Work to be completed: Return the stretch from the line with "グッチ ジャンボGG ミニトートバッグ" through the line with "色:1PP透明カラービーズブ" in the data below, character for character, skipping all pictures.
### Provided information
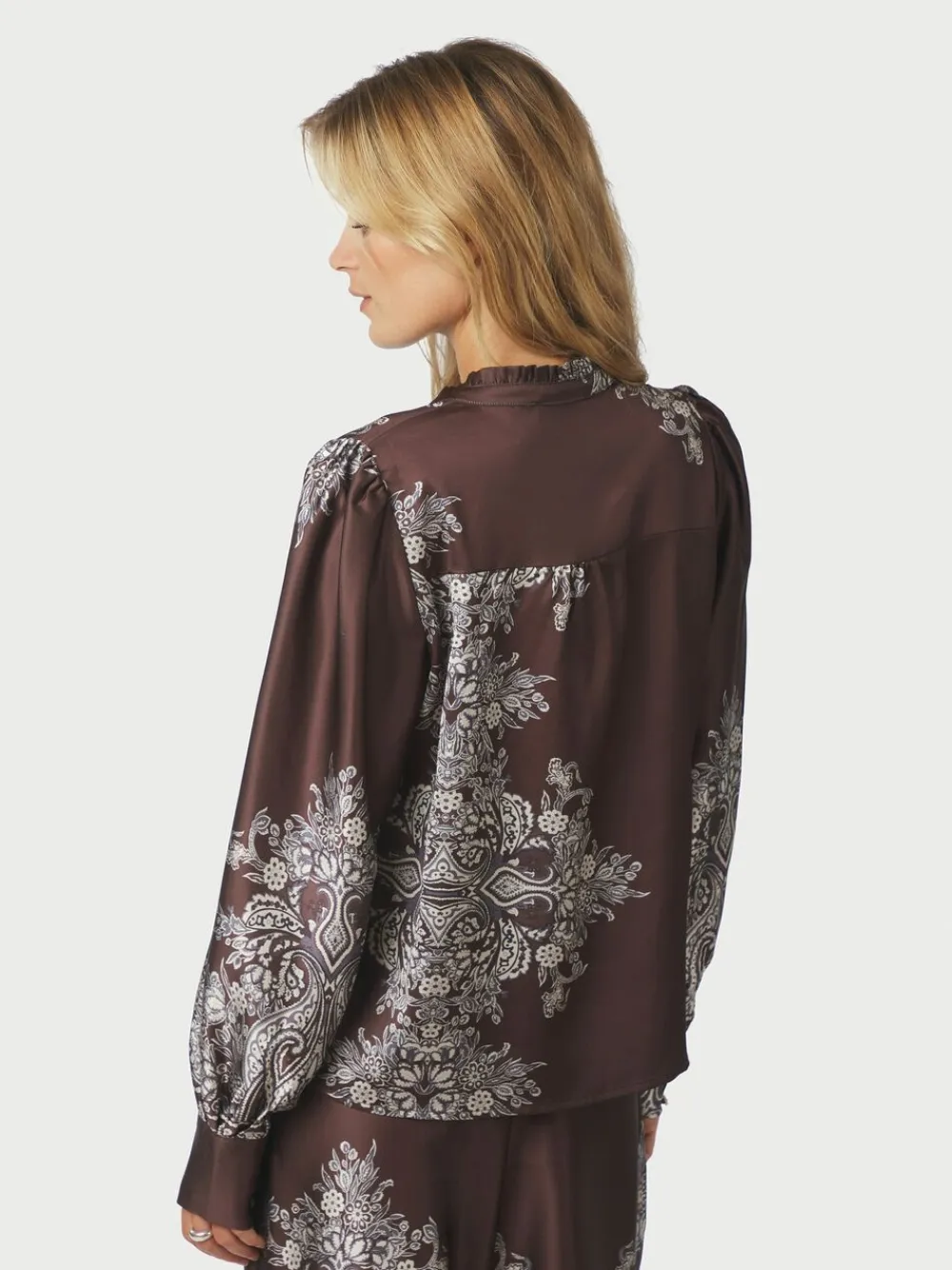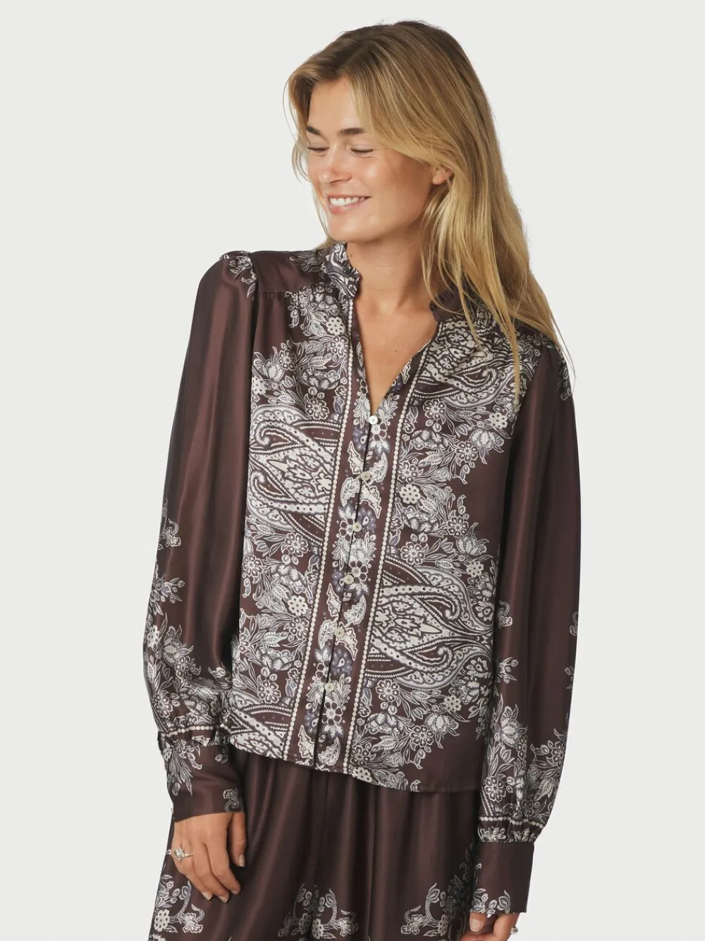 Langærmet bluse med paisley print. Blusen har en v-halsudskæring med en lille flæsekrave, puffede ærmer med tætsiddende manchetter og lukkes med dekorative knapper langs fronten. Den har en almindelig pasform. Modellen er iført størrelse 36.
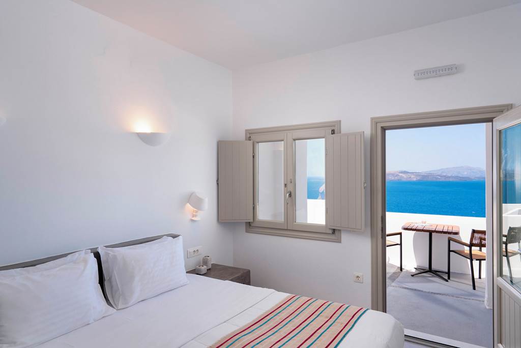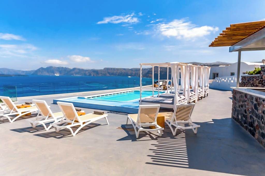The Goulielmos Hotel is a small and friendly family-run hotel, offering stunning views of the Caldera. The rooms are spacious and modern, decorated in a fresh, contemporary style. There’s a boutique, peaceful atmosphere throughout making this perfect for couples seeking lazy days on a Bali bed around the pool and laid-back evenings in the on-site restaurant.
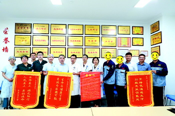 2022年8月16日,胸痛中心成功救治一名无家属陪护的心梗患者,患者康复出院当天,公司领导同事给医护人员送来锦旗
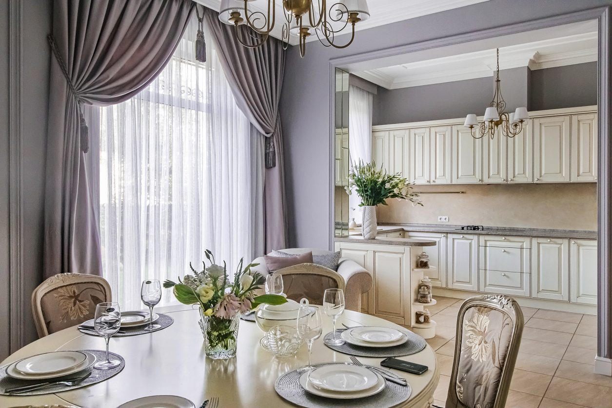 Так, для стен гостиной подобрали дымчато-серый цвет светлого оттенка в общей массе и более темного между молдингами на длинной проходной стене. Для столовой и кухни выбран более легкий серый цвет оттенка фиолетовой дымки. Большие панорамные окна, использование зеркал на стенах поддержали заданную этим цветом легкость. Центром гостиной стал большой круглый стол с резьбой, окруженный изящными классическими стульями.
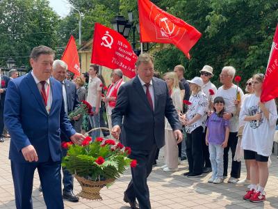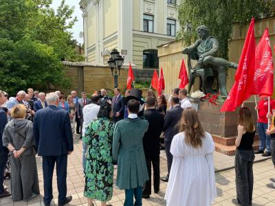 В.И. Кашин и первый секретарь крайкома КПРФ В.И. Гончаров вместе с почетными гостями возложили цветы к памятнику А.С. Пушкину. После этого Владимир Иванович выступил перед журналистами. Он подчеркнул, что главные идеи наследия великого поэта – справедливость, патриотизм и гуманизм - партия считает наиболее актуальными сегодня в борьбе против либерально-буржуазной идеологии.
######
### Provided information
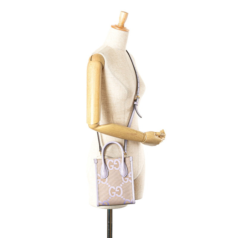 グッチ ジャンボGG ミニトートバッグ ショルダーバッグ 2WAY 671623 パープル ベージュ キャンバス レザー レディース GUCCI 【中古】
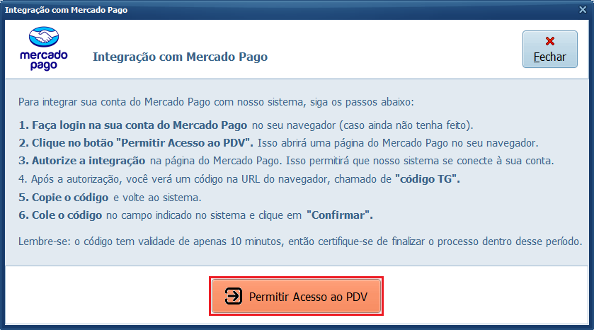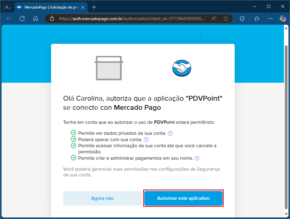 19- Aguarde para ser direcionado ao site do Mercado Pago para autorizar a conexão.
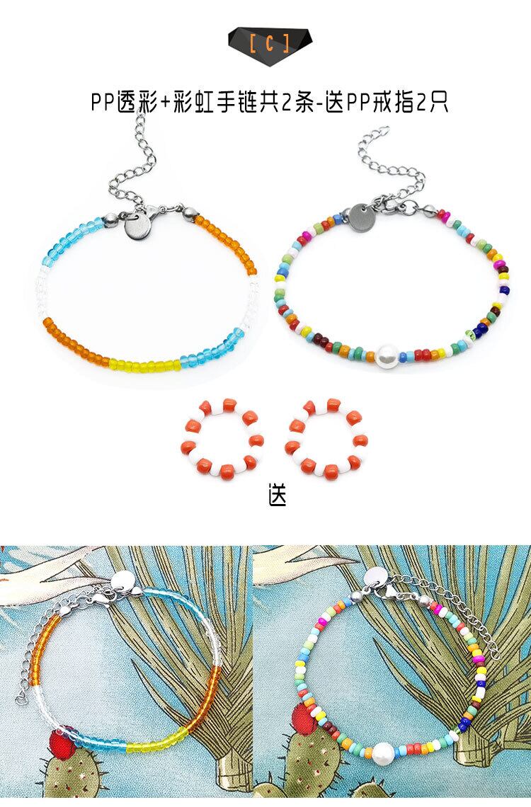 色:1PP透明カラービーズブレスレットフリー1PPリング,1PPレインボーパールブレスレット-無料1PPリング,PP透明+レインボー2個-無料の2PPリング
######
### Provided information
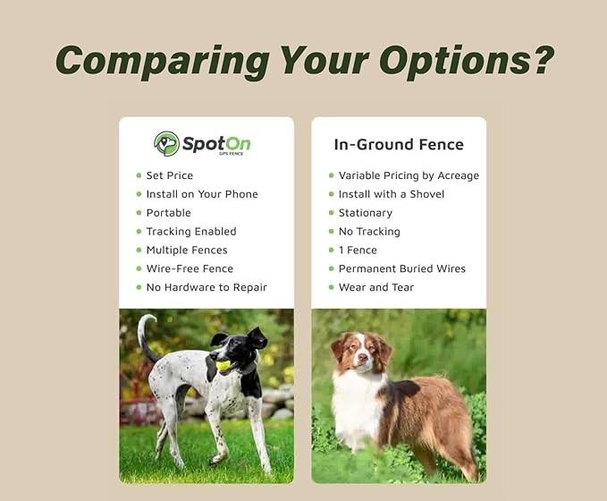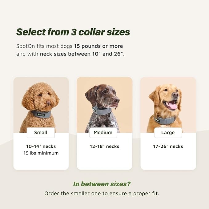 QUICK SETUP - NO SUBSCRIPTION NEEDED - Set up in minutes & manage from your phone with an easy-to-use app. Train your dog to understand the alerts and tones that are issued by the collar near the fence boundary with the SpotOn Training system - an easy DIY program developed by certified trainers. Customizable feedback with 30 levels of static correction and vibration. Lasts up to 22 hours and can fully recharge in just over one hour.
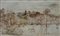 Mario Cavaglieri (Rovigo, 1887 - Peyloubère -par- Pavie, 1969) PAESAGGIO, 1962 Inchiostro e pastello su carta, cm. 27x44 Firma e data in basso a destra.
######
Task response:
 グッチ ジャンボGG ミニトートバッグ ショルダーバッグ 2WAY 671623 パープル ベージュ キャンバス レザー レディース GUCCI 【中古】
 19- Aguarde para ser direcionado ao site do Mercado Pago para autorizar a conexão.
 色:1PP透明カラービーズブレスレットフリー1PPリング,1PPレインボーパールブレスレット-無料1PPリング,PP透明+レインボー2個-無料の2PPリング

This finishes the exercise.